Copy-on-write filesystems

Introduction

Container engines rely on copy-on-write to be able to start containers quickly, regardless of their size.

We will explain how that works, and review some of the copy-on-write storage systems available on Linux.

What is copy-on-write?

  • Copy-on-write is a mechanism allowing to share data.

  • The data appears to be a copy, but is only a link (or reference) to the original data.

  • The actual copy happens only when someone tries to change the shared data.

  • Whoever changes the shared data ends up using their own copy instead of the shared data.

A few metaphors

  • First metaphor:
    white board and tracing paper

  • Second metaphor:
    magic books with shadowy pages

  • Third metaphor:
    just-in-time house building

Copy-on-write is everywhere

  • Process creation with fork().

  • Consistent disk snapshots.

  • Efficient VM provisioning.

  • And, of course, containers.

Copy-on-write and containers

Copy-on-write is essential to give us "convenient" containers.

  • Creating a new container (from an existing image) is "free".

    (Otherwise, we would have to copy the image first.)

  • Customizing a container (by tweaking a few files) is cheap.

    (Adding a 1 KB configuration file to a 1 GB container takes 1 KB, not 1 GB.)

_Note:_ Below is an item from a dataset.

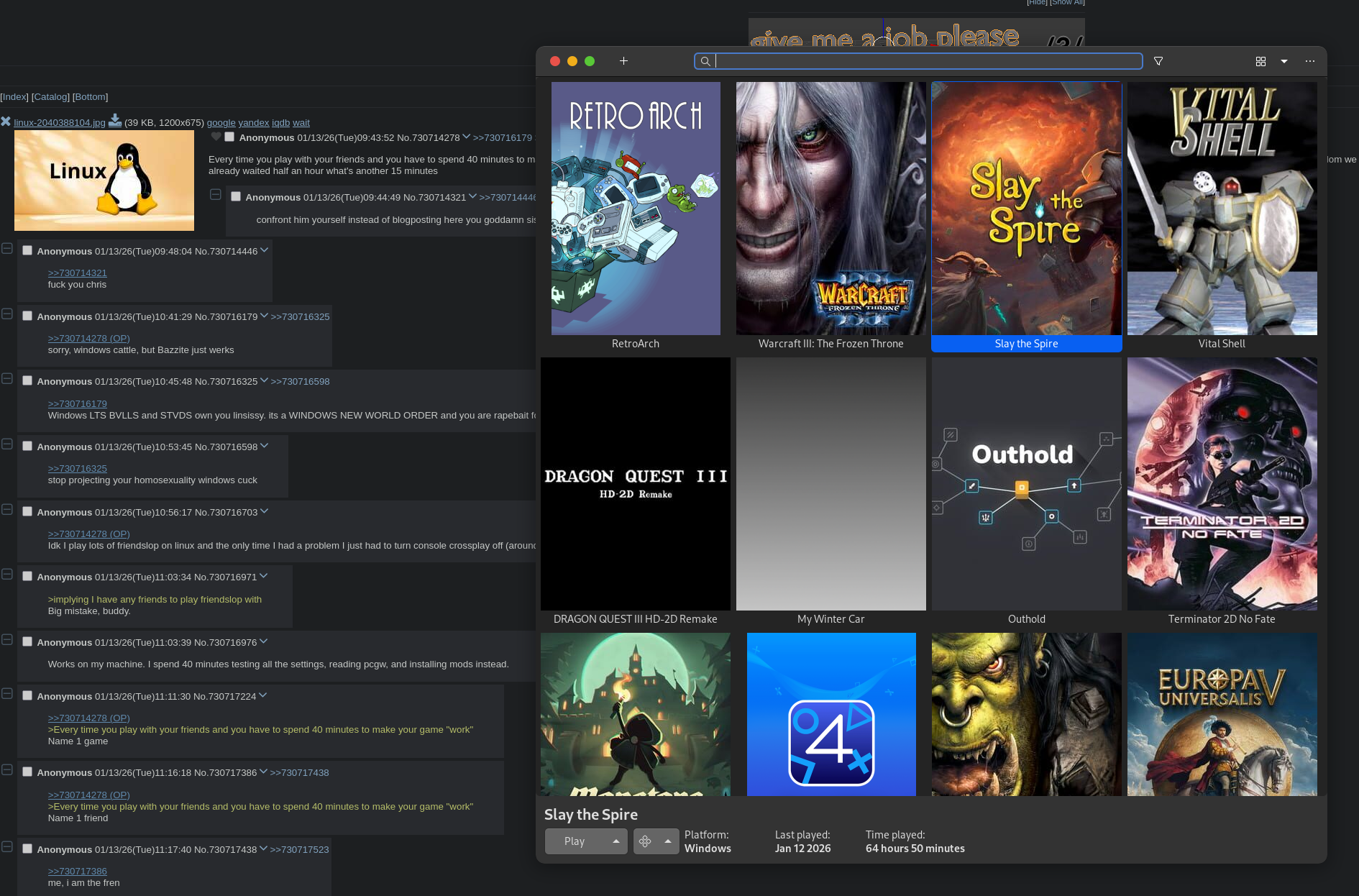 >Friends want to play a shitty game like GTA:Online, or Arc Raiders or the newest hero shooter moba>Start making up excuses how they don't work on Linux so I don't have to play garbage and waste my time on dead by daylight or marevel rivals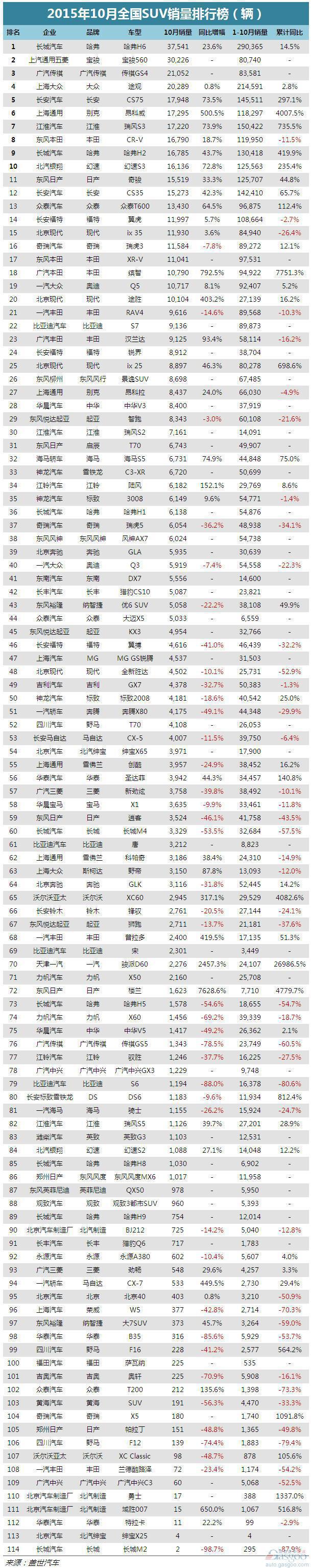 国内SUV市场总计统计114款车型。其中,表现最为抢眼的仍属“黑马”宝骏560,其9月排名跃升至第二位,10月以3.02万辆销量保持在该名次,仅次于哈弗H6。

  • We can take snapshots, i.e. have "checkpoints" or "save points" when building images.

AUFS overview

  • The original (legacy) copy-on-write filesystem used by first versions of Docker.

  • Combine multiple branches in a specific order.

  • Each branch is just a normal directory.

  • You generally have:

    • at least one read-only branch (at the bottom),

    • exactly one read-write branch (at the top).

    (But other fun combinations are possible too!)

AUFS operations: opening a file

  • With O_RDONLY - read-only access:

    • look it up in each branch, starting from the top

    • open the first one we find

  • With O_WRONLY or O_RDWR - write access:

    • if the file exists on the top branch: open it

    • if the file exists on another branch: "copy up"
      (i.e. copy the file to the top branch and open the copy)

    • if the file doesn't exist on any branch: create it on the top branch

That "copy-up" operation can take a while if the file is big!

AUFS operations: deleting a file

  • A whiteout file is created.

  • This is similar to the concept of "tombstones" used in some data systems.

 # docker run ubuntu rm /etc/shadow

 # ls -la /var/lib/docker/aufs/diff/$(docker ps --no-trunc -lq)/etc
 total 8
 drwxr-xr-x 2 root root 4096 Jan 27 15:36 .
 drwxr-xr-x 5 root root 4096 Jan 27 15:36 ..
 -r--r--r-- 2 root root    0 Jan 27 15:36 .wh.shadow

AUFS performance

  • AUFS mount() is fast, so creation of containers is quick.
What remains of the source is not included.